Google’s search index is its fetched database of the billions of websites which exist in the world. When a new website or a page within it is “indexed”, it’s being added to Google’s database, making it able to be found with the proper search on Google.
If a page isn’t indexed in Google, it may as well not exist if the goal is to get organic traffic to it.
I recently talked about what to do if Google isn’t indexing your site, but there are times when you don’t want to a page of yours indexed.
In other words, there are some pages you don’t want to appear in Google.
How to NoIndex a Page
Before we get into the pages and content you don’t want indexed, let’s talk about how to noindex.
There are two main ways to achieve this, and each has a slightly different purpose.
NoIndex Meta Tag in Head Section
In WordPress, it’s a simple process to noindex a page, meaning you don’t want it to appear in Google.
The Yoast SEO plugin for WordPress gives you an option on every individual page on your site to noindex.
Once the plugin is installed, navigate to the page in WordPress. In the Yoast section below the content itself, click on the “advanced” tab.
Change the setting to “No” from the drop down if you don’t want the page to appear in Google.
This will add a special noindex meta tag in the <head> section of the page, informing Google to ignore the page.
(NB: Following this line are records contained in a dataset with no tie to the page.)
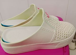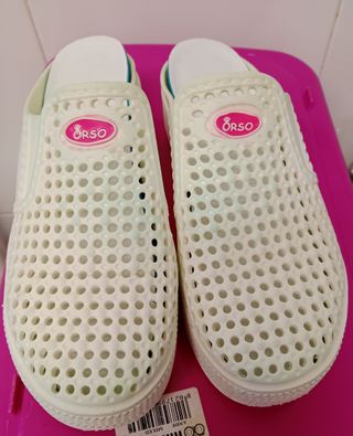 Zuecos cómodos y versátiles, perfectos para el día a día. - Diseño con múltiples orificios para ventilación. - Correa trasera para mayor sujeción. - Material sintético fácil de limpiar. - Talla 35. Largura de pie 22cm.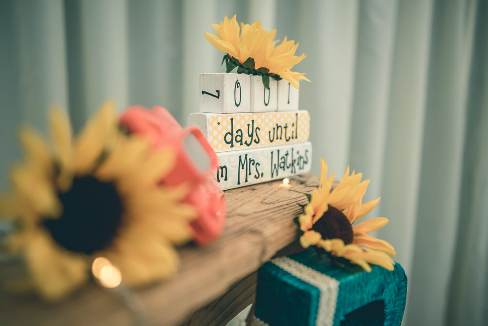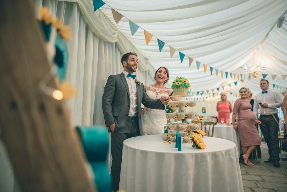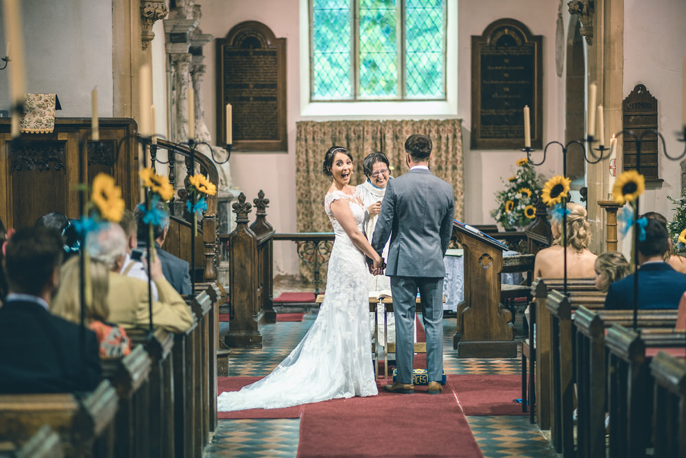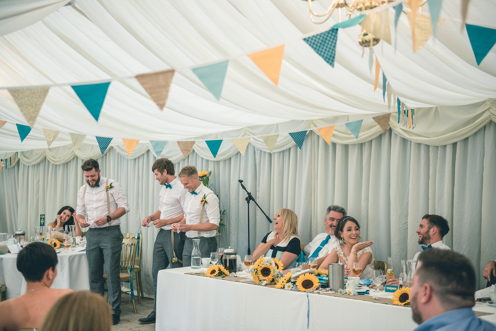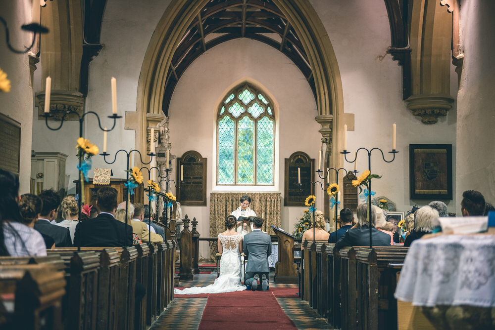 Rather than having formal table centres for their wedding breakfast, FloralRoundabout adorned piles of vintage books with sunflowers creating a very personal decoration for the table - a lovely idea!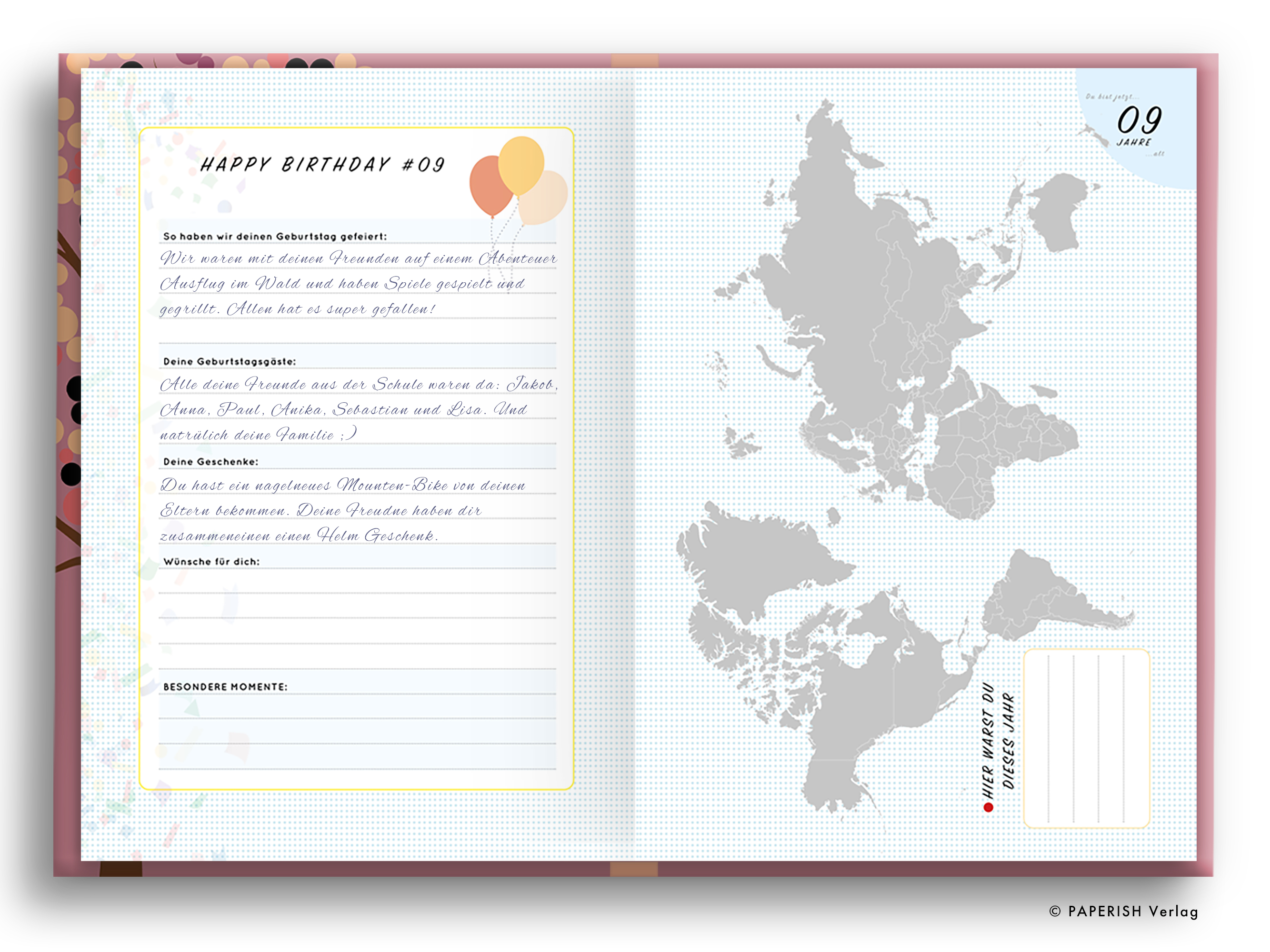 - Hochwertige und liebevolle Gestaltung mit viel Platz für Bilder Texte und Erinnerungen

If you’re not working in WordPress or simply don’t want to use a plugin, it’s still an easy process.
In the <head> section of the page you want to be noindexed, paste the following code in:
<meta name="robots" content="noindex">
This will tell most search engines to disregard that page and consequently will keep it from appearing in their index.
If you exclusively want to block Google’s bots, replace the “robots” like so:
<meta name="googlebot" content="noindex">
NoIndex a Page With Robots.txt
The other option is to utilize your site’s robots.txt file.
This is a special file located in the root directory of your website which crawlers from Google and other search engines consult to know which content to ignore.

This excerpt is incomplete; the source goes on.